Escortservice der Prostitution überführt

Landkreis - Die schmutzigen Geschäfte eines Escortservice im nördlichen Landkreis sind jetzt aufgeflogen: Die Betreiber sollen Frauen zur Prostitution angeboten haben, darunter auch ein minderjähriges Mädchen.

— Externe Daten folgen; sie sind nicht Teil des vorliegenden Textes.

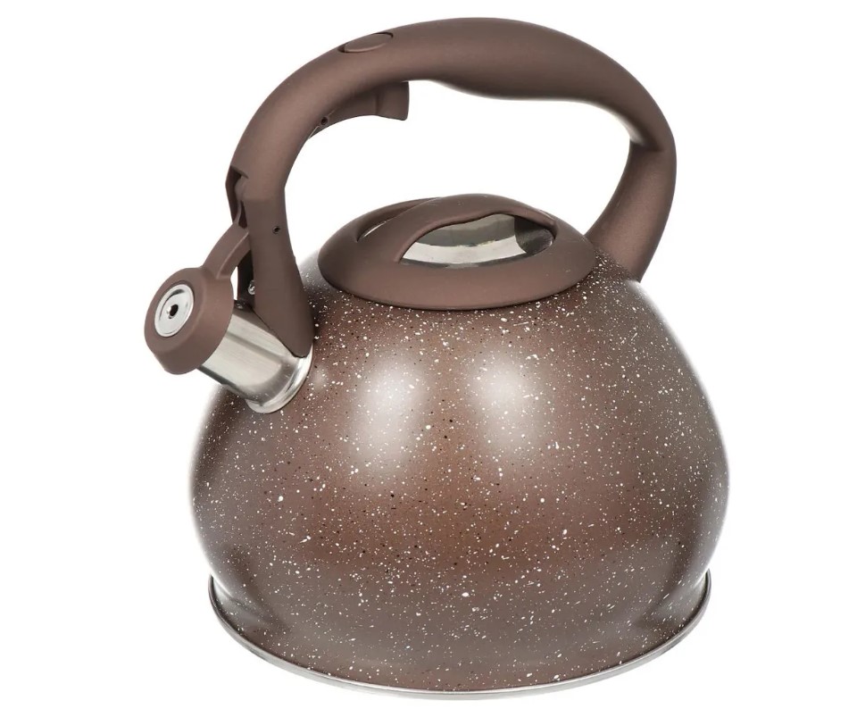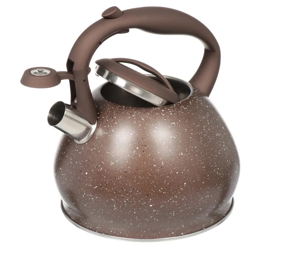 Чайник из нержавеющей стали Daniks MSY-A058 коричневый со свистком, 3 л Описание Посуда Daniks — это отличное решение для любой современной кухни. Разнообразие форм и дизайна, а также высокие стандарты качества — главные достоинства, за которые ценится эта торговая марка. Высококачественная нержавеющая сталь. Капсульное индукционное дно. Подходит для использования на газовых, электрических, стеклокерамических, индукционных плитах.

Mit exklusiver Begleitung zu geschäftlichen Terminen, Messen oder Reisen, für einen Abend, einen Urlaub oder sinnliche Momente zu zweit wirbt der Escortservice mit Hauptsitz in London auf seiner Internet-Seite. Die Agentur gibt sich seriös, und Vertrauen, so heißt es, sei „von allerhöchster Bedeutung“. Blindes Vetrauen schenkten auch die jungen Frauen, die hier arbeiteten, dem 46-jährigen Betreiber aus München und seiner 37-Jährigen Mitarbeiterin aus dem südlichen Landkreis. Viele ließen sich durch die Hoffnung auf das schnelle Geld locken. Doch schon bald stellte sich heraus, dass sich hinter dem Deckmantel eines Escortservice ein reines Geschäft mit der Prostitution verbirgt. „Der Betreiber bot im Internet die Vermittlungen von Begleitdamen an, die auch sexuelle Dienste an Kunden im Haus- und Hotelbereich gegen Entgelt leisteten“, heißt es im Polizeibericht. Ihre Provision mussten die Frauen, die bundesweit vermittelt wurden, zu einem Drittel an die Agentur abgeben.

Auch ein 17-jähriges und damit minderjähriges Mädchen ging hier von April 2008 bis April 2009 regelrecht anschaffen. Finanzielle Schwierigkeiten und familiäre Probleme hätten sie laut Polizei in die Fänge des Escortservice getrieben. Genau wie zwei 18 und 20 Jahre alte Frauen hatte die 17-Jährige bis dahin keinerlei Erfahrungen im Rotlichtmileu. Ihre Verzweiflung und Hilflosigkeit hatten sich die Betreiber zunutze gemacht.

Aufgeflogen waren die Machenschaften, weil weder die Escortagentur noch die Begleitdamen ihre Einnahmen versteuerten. Die Münchner Steuerfahndung setzte sich mit der Polizei in Verbindung. Im Laufe der Ermittlungen durch das Kommissariat 35 für Menschenhandel, Prostitution und Zuhälterei erhärteten sich die Anhaltspunkte, dass hier neben Steuerstraftaten und Sozialleistungsbetrug auch Delikte aus dem Rotlichtmileu vorliegen. Bei einer Durchsuchung bei den beschuldigten Betreibern und den Escort-Frauen im Januar fanden die Ermittler eindeutiges Beweismaterial für ihren Verdacht. Dabei handelt es sich vermutlich um Unterlagen.

Außerdem wurden bei dem Betreiber hochwertige Fahrzeuge und eine Fotostudioausrüstung gefunden und gepfändet, wodurch die bisher entstandenen Steuerschulden des Escortservice nahezu beglichen werden konnten. Weitere Ermittlungsverfahren wurden seitens der Steuerfahndung eingeleitet.